Although measured values for the interfacial tension for various pairs of organic liquids are available (Refs. 5 and 6) for liquid wick design, very few measurements have yet been made for pairs of molten metals. However, there are three very promising candidates for possible use as wick fluids in connection with sodium (the workhorse of high-temperature conventional heat pipes) as droplet fluid. They are aluminum, zinc, and magnesium. All three are more dense than sodium, have much higher boiling points than sodium, and are immiscible with it when both are molten. (Cf. Ref. 7.)
Estimates indicate that for a heat valve of the kind pictured in FIG. 4a a droplet diameter of about 0.1 millimeter would be a convenient size both for pairs of organic liquids and pairs of molten metals. In the organic liquid case droplet velocites that are very roughly of the order of 0.1 millimeter/second can be expected, whereas in the case of molten metal heat valves the expected velocity would be about 1 millimeter/second. Since the liquid wick pictured in FIG. 4a would be only several millimeters thick, the droplet transit times would be of the same order of magnitude as the time required to impose a temperature change on the control grid. In actual fact, however, the droplet transit time is not of much relevance to the performance of the heat valve because, once the droplets are formed at the control grid, all of them will transit the liquid wick regardless of speed, which only influences the spatial density of the droplets. In other words, the flow rate of condensate through the liquid wick is determined solely by the production rate of droplets at the control grid. Because the evaporation front in the evaporator wick is connected to the control grid by an uninterrupted column of incompressible fluid, any change in the production rate of droplets at the control grid is immediately felt at the evaporation front, which advances or recedes accordingly. Thus the characteristics that determine the response time of the heat valve are thermal inertial in the control grid and its immediate neighborhood, and the resistance to advance and recession of the evaporation front. The first of these depends on the conductivity and heat capacity of the control grid and the two fluids in contact with it. The second depends on the geometry of the evaporator wick and its conductivity, permeability, and capillary pulling power.
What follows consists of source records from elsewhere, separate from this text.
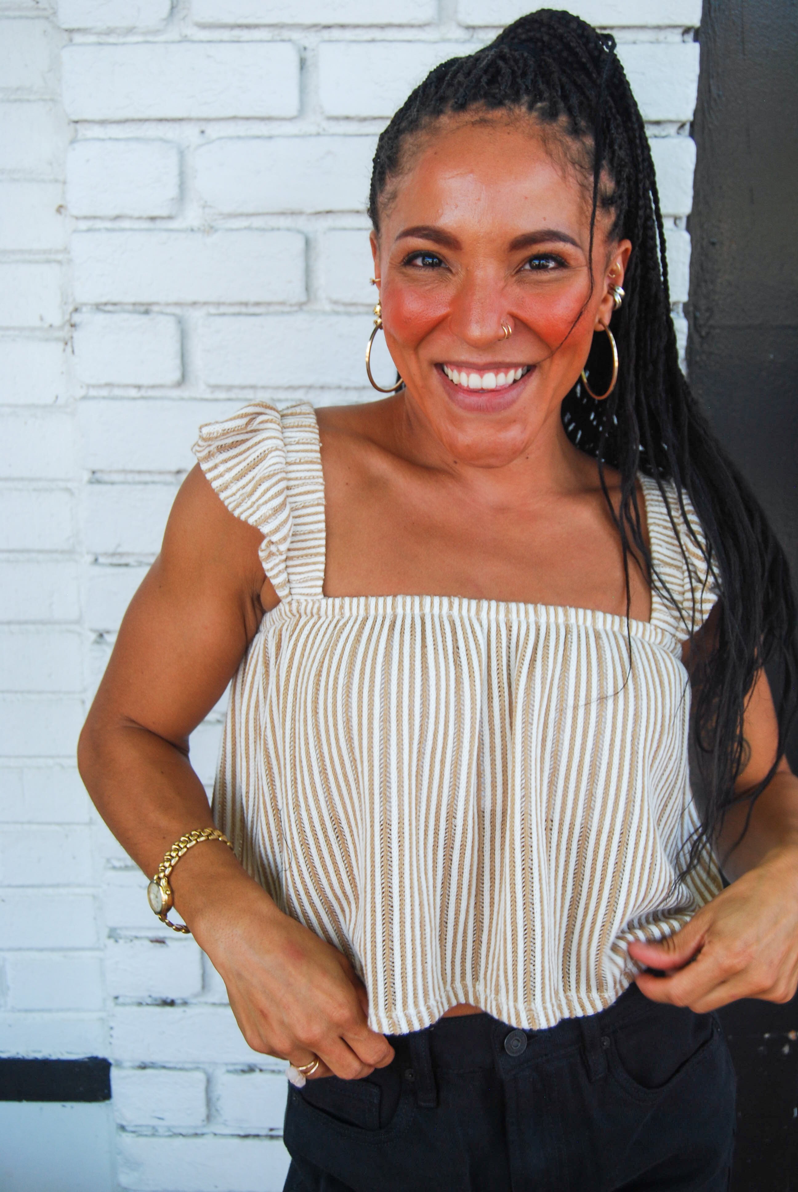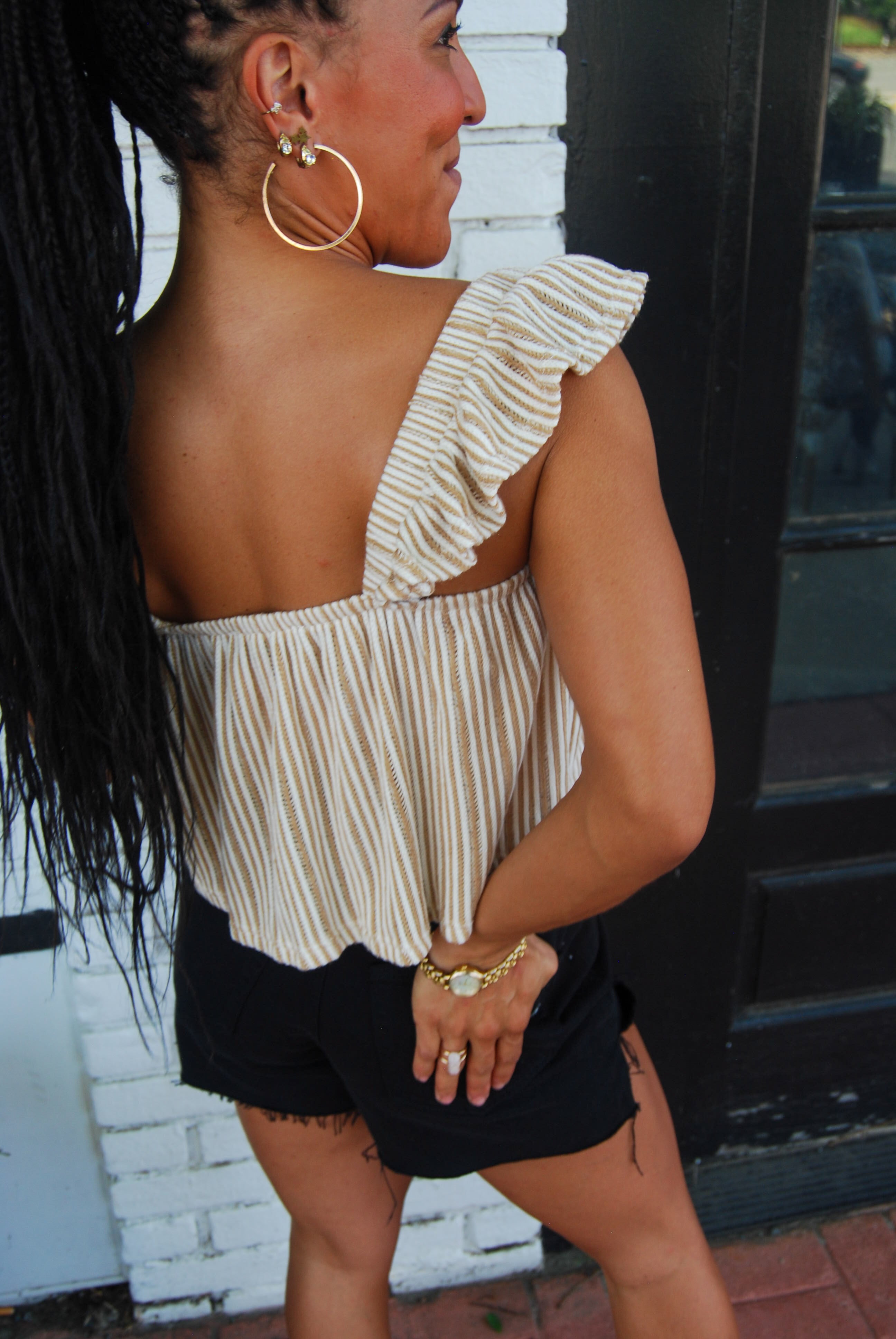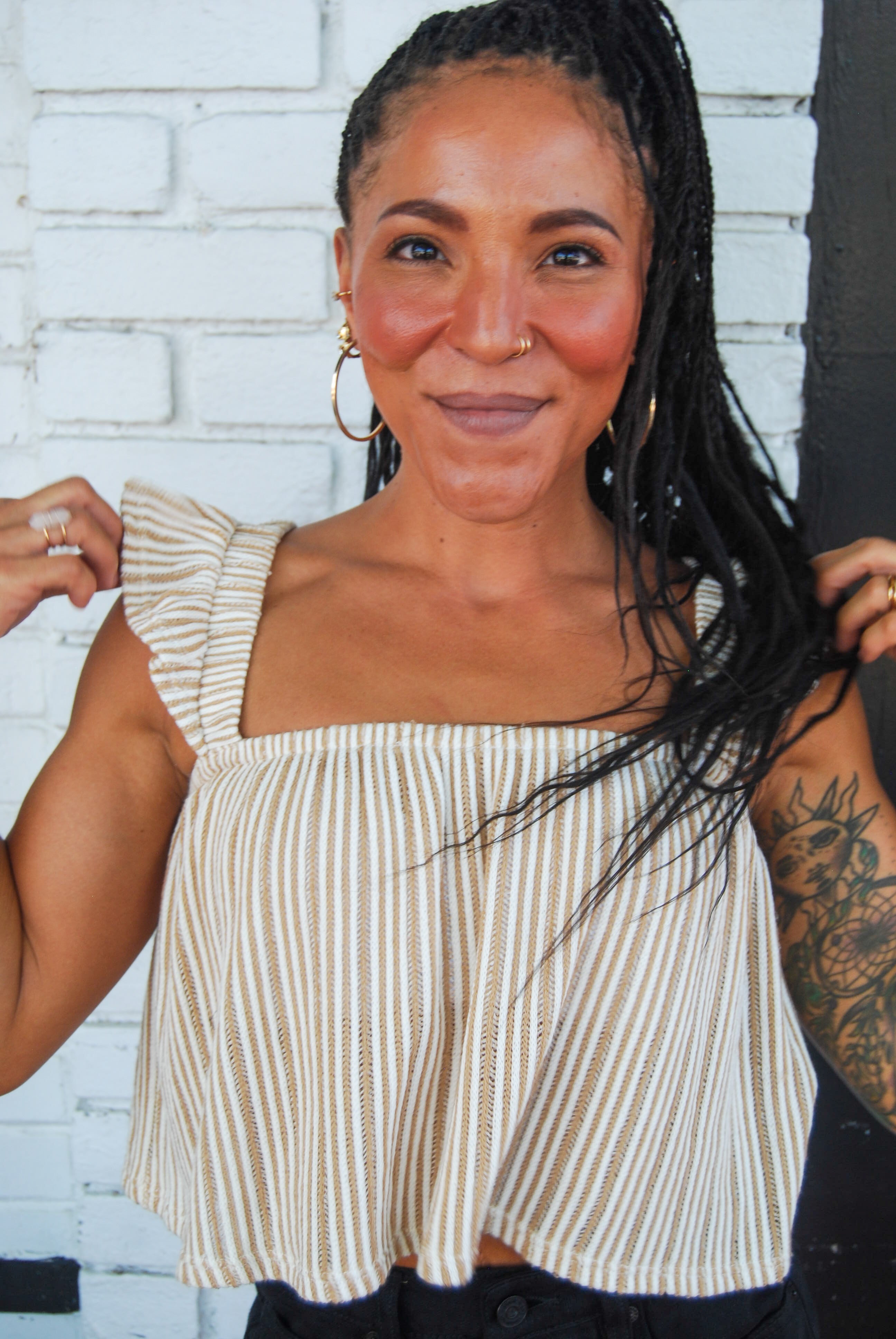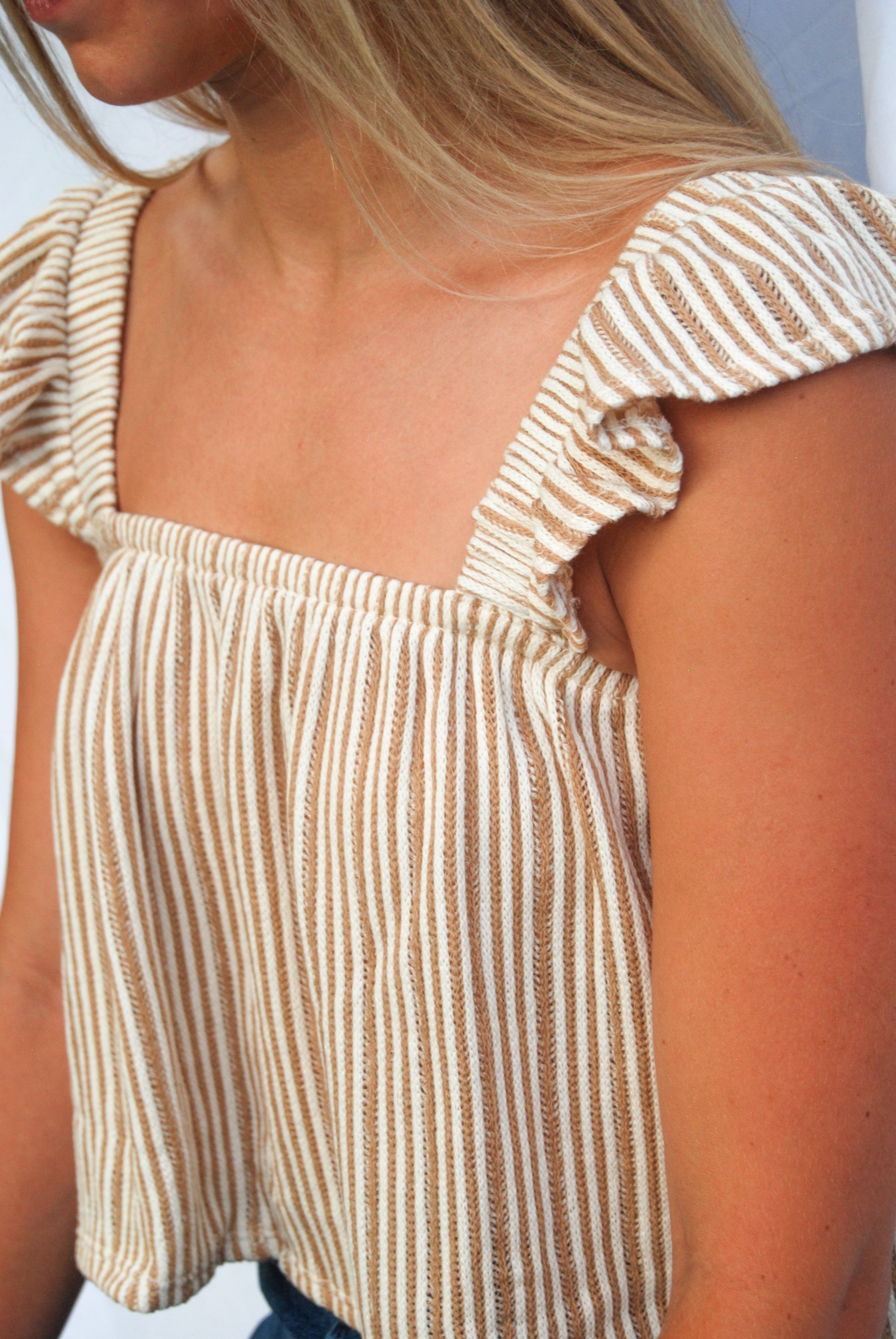 Upgrade your wardrobe with our Journey On Ruffle Top! This cozy and cute, striped knit tank will make you stand out in style. Its unique ruffle sleeve detail adds a touch of fun to any outfit.
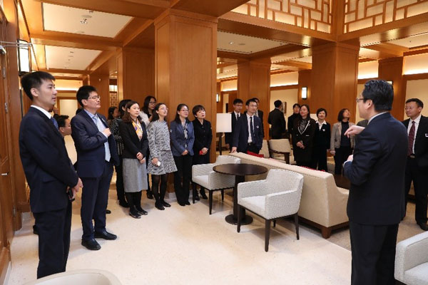 研修班班长、国际教育办公室副主任廖莹代表班委会总结。国际处副处长孟波介绍学校全球战略的最新进展,苏世民书院院长助理邱嵩介绍了苏世民书院的整体情况。最后,全体嘉宾、学员在苏世民书院中庭合影留念。
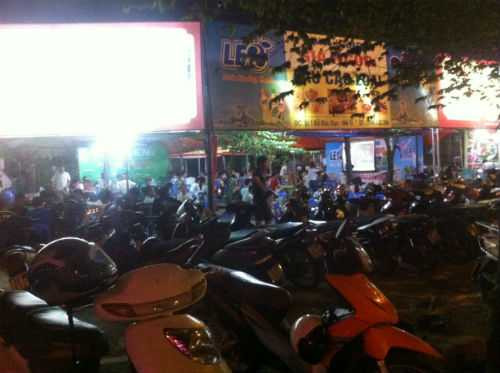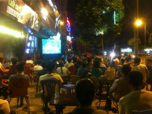 | Người dân tụ tập trước các quán có màn hình lớn khu vực đường Lê Đức Thọ |
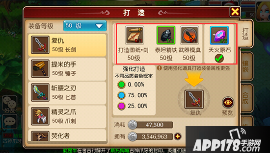 所以去打造吧!!!打造装备可是获得高品质装备的重要途径。在游戏的右下角,点击强化按钮,你就会进入打造这个界面。
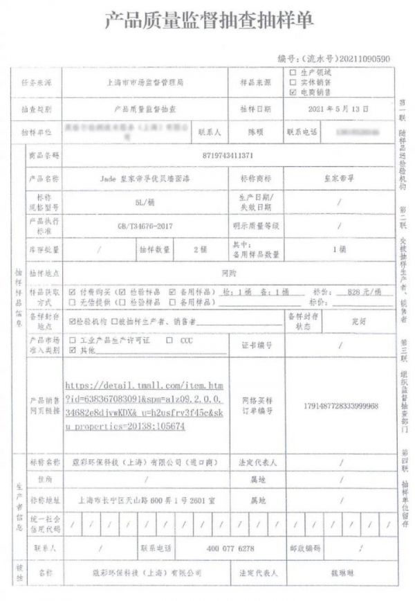 此次产品质量监督抽查,上海市市场监管局抽样产品优贝墙面漆来源于【皇家帝孚涂料旗舰店】,并在选购中询问是否执行儿童漆标准,确保所购买的产品符合儿童漆抽样标准。
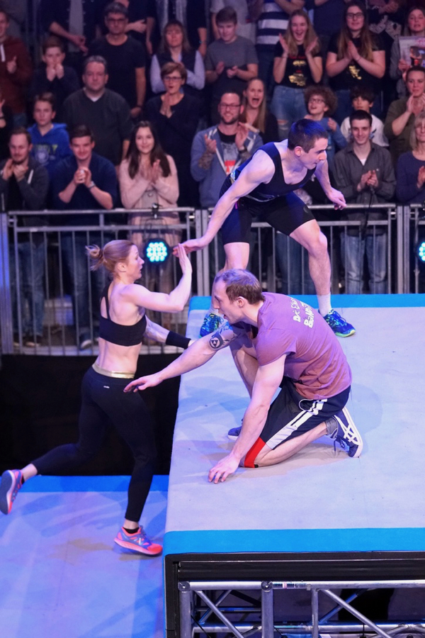 Einen ganz herzlichen Dank möchte ich an meine Team-Kollegen Jonas und Colin aussprechen und auch an das Wrestling-Team Dambach für die tolle Unterstützung! 70 Fans aus Dambach sind mit einem Bus angereist und haben uns unterstützt. Für Jonas und mich war es der erste Einsatz bei Ninja Warrior Germany. Colin war bereits einmal im Einzelwettbewerb dabei. Alle Neulinge sind zu Beginn sehr angespannt und nervös. Die Aufzeichnungen dauerten bis spät in die Nacht. Um 0:30 Uhr hatten wir erst unseren letzten Staffel-Lauf. Für uns Athleten ist es sehr schwer, dass die Hindernisse erst am Aufzeichnungstag bekannt gegeben werden und wir nur 15min Zeit zum Ausprobieren haben. In dieser Zeit kann man natürlich nicht jedes Hindernis mehrfach testen, sondern muss sich seine Kräfte gut einteilen für die Show.
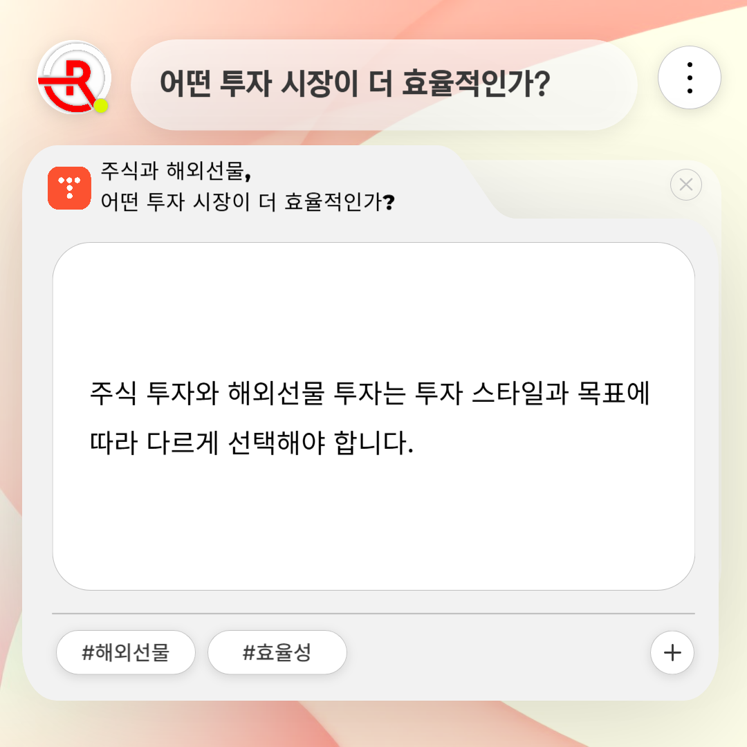 주식과 해외선물은 각기 다른 특성을 가진 투자 시장으로, 수익성과 리스크에서 큰 차이를 보입니다. 주식은 장기적으로 안정적 수익을 얻을 수 있는 시장이라면, 해외선물은 단기적으로 더 높은 수익을 목표로 할 수 있는 시장입니다. 여러분은 어떤 투자 시장이 더 적합하다고 생각하시나요? 주식 투자와 해외선물 투자에서의 경험을 댓글로 공유해 주세요!
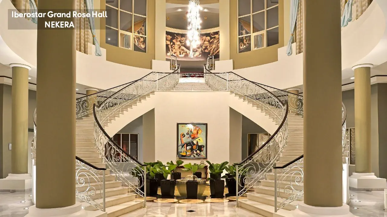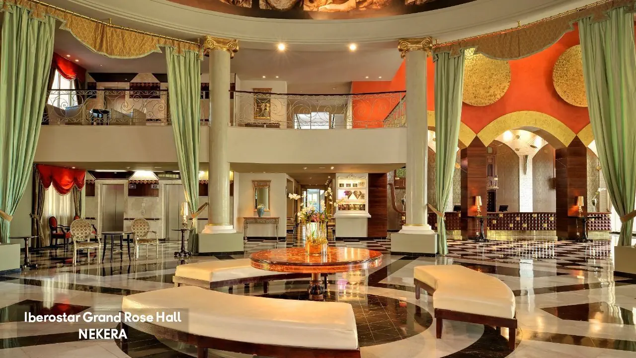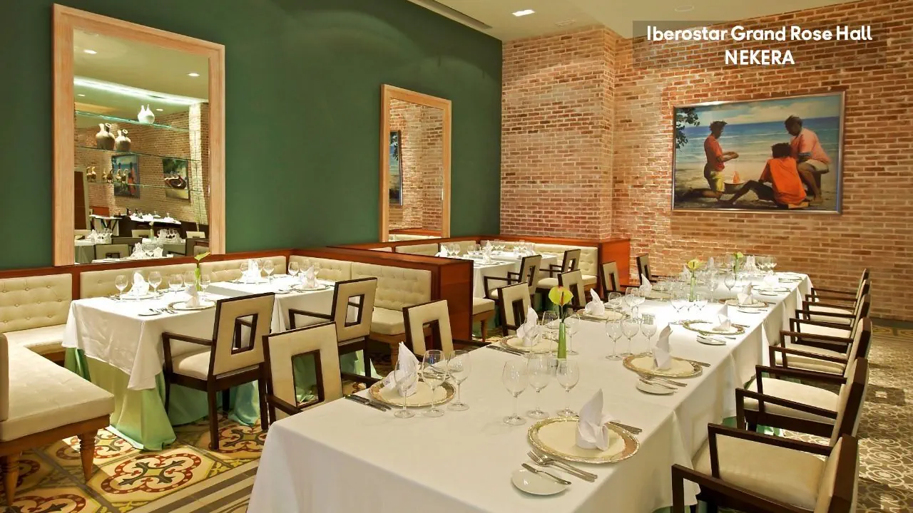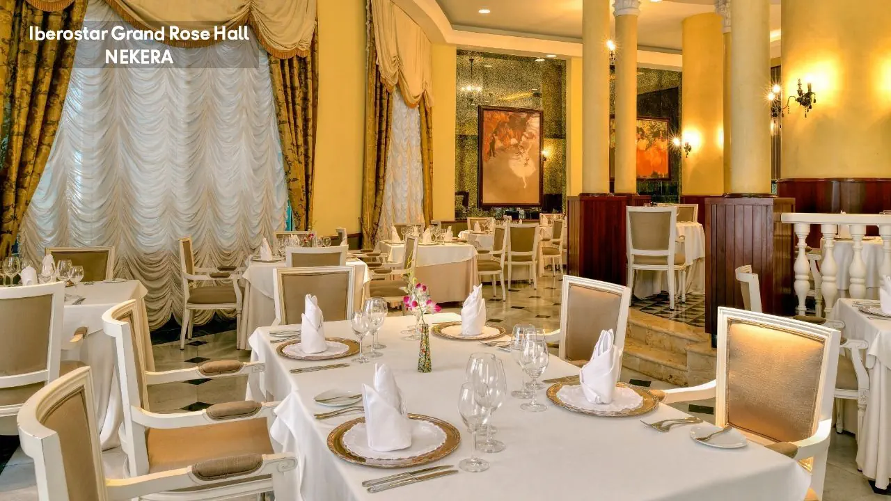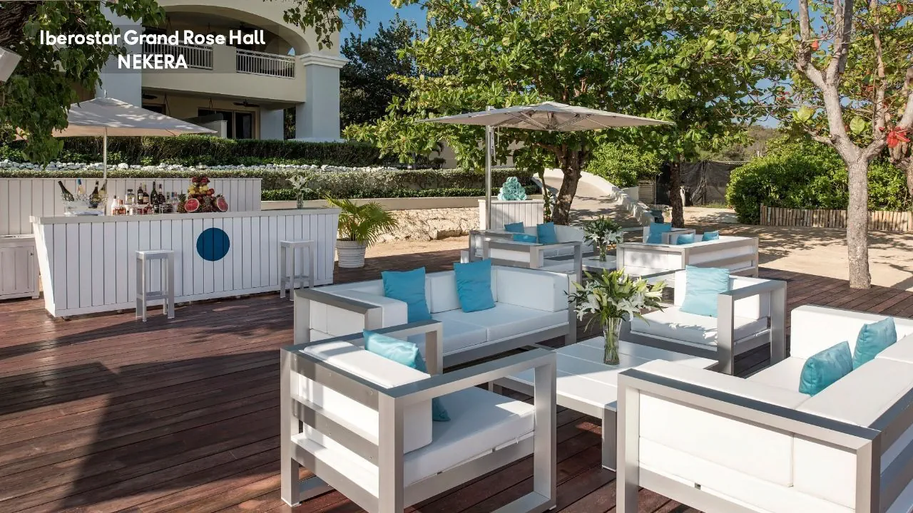 luksusowy hotel renomowanej sieci Iberostar z 295 pokojami zbudowany w stylu kolonialnym. Hol powitalny z recepcją z widokiem na morze, restauracja główna serwująca posiłki w formie bufetu, 5 restauracji a la carte (m. in. kuchnia gourmet, włoska, jamajska, japońska, Surf & Turf), restauracja na plaży, 5 barów (m.in. bar w lobby, bar przy basenie typu swim-up) oraz pasaż handlowy. W zadbanym zespole ogrodowym znajdują się 3 baseny z whirlpoolem oraz tarasy słoneczne. Leżaki, parasole, ręczniki kąpielowe przy basenie bez opłaty. Goście hotelu Iberostar Grand mogą korzystać z infrastruktury 2 siostrzanych obiektów należących do kompleksu – Iberostar Rose Hall Beach oraz Iberostar Rose Hall Suites. Uwaga! Hotel przeznaczony tylko dla dorosłych!

Although the valve fluid and the working fluid are chosen to be immiscible in each other, some mutual temperature-dependent solubility is always present. In fact, the temperature dependence of the solubility and the temperature dependence of the interfacial tension are closely related, and when the former is extremely small so is the latter. Because of mutual solubility, the droplets will absorb a small amount of valve fluid in transit through the liquid wick, and when the working fluid is vaporized in the evaporator wick, the dissolved valve fluid will be left in solution because of fractional distillation. The cumulative effect of this will be that there is a gradient in concentration of dissolved valve fluid that increases as the evaporation front is approached. This concentration gradient will drive a diffusion of the dissolved valve fluid away from the evaporation front, so that a condition of dynamic equilibrium will be established in which the diffusion runs upstream against the oncoming flow of condensate and maintains the magnitude of the concentration gradient that drives the diffusion. The presence of the dissolved valve fluid raises the boiling point of the condensate, so that the condensate must penetrate to a hotter part of the evaporator wick before it is vaporized. The more solute, the higher the boiling point, so vaporization will occur over a small range of temperatures rather than at a single temperature, and this will make for more efficient use of the evaporator wick. Diffusion will carry the dissolved valve fluid back to the liquid wick, so that when the dynamic equilibrium becomes established, the liquid wick receives by diffusion an influx of valve fluid molecules that equals the valve fluid that enters into solution in the transiting droplets.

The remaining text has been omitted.